NTUC Fairprice director of food quality and safety, Ms Chong Nyet Chin, said Singaporeans’ expanding disposable income, increasing health concerns and consumer awareness are some of the drivers behind the proliferation of the local organic market.

She said consumers here increasingly want to “go for green, go for local and go for niche”.

“Healthy living and ageing is a top priority in Singapore. So fresh and organic products will be the push for the consumers to aspire to better health and living, which will be the continued driving force that pushes Singapore’s organic trend.” Ms Chong said at the certification event.

The development of the national standard for green and sustainable farming practices is a step closer to Singapore’s “30 by 30” vision of producing 30 per cent of the nation’s nutritional needs locally by 2030, unveiled by the Ministry of Environment and Water Resources in March.

The SS 632 is said to be the world’s first national standard for organic primary produce grown in urban — or near urban — environments, tailored to Singapore’s farm settings. It was supported by the Singapore Manufacturing Federation — Standards Development Organisation.

Mr Masagos said the certification on Tuesday “will be followed by many, many more, as our farms continue to transform themselves to tap the latest market opportunities”.

Firms such as Japan’s Panasonic, which operates an indoor farm at its premises in Jalan Ahmad Ibrahim, are also said to be interested in attaining the SS 632 certification.

The chairman of Sky Greens, Dr Ngiam Tong Tau told TODAY that the strive towards satisfying the SS 632 certification requirements had helped the farm to focus on areas where they can implement more sustainable methods.

“When we set up our farm, our intention was to practise organic farming, but because of our environment, it was difficult for us and the Singapore Standards Council helped us as they not only cater to traditional farms but also cater for ethical farms.”

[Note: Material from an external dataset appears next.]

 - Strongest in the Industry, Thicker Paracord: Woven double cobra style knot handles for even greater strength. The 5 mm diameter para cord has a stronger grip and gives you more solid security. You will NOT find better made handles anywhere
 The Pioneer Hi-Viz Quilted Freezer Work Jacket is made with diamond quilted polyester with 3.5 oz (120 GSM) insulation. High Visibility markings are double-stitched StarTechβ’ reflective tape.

The farm grows a range of green vegetables such as Chinese cabbage, spinach, kai lan and kang kong.

The certification is administered by Enterprise Singapore and was overseen by the Singapore Standards Council’s (SSC’s) Food Standards Committee. It was developed after local farms worked to address challenges in farming here such as limited space for agriculture, a lack of natural resources, higher operating costs due to energy consumption and manpower constraints.

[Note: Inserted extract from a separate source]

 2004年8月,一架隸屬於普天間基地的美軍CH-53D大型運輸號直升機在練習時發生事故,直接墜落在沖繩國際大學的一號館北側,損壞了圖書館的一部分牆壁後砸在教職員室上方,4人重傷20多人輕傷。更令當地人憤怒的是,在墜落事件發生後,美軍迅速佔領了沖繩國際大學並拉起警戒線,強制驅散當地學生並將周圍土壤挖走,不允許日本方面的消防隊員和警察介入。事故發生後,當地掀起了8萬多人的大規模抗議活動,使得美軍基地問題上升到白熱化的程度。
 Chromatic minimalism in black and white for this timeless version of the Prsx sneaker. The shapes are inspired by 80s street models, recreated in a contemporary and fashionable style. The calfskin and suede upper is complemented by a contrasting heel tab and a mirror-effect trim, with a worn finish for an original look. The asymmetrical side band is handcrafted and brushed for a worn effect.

To achieve the certification, farms must meet the requirements for sustainable farming practices, including the use of rainwater, use of living substrate or growing media, and having an enclosed area for farming that limits potential contamination and pollution from the environment.

These standards apply for agricultural products such as grains, mushrooms, fresh vegetables, fresh herbs and fresh fruits, covering processes such as production, post-harvest practices, import, packing and repacking, storage, transport and labelling of organic produce.

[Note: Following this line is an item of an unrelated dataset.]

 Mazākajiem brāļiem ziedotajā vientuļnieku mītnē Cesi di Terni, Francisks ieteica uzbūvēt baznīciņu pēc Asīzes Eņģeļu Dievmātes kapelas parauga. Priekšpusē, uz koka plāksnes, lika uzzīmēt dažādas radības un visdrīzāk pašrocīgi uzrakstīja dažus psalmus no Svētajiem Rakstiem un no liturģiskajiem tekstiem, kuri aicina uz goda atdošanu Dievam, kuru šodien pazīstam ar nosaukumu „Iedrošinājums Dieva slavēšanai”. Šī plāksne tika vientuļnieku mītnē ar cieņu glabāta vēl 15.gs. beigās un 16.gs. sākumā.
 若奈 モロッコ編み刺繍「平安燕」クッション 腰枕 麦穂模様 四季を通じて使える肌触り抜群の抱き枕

The chairman of the SSC’s Food Standards Committee, Mr Allan Lim, told TODAY that Singapore has a unique farming infrastructure and capacity, especially with the nation’s “expiration date for us to be self-sufficient” and “to be competitive with our neighbouring countries”.

With the lack of land space and consequently less competitive prices in Singapore, Mr Lim said that the certification allows farms to be “more competitive”, making them appeal to a niche market which consumers are increasingly opting for.

Mr Masagos said consumers “play an important role in helping our local agri-food industry to grow”.

“When we buy more local produce, the demand enhances the commercial viability of our local farms, and leads to economies of scale. This allows local farms to invest more in technology and develop further,” he said.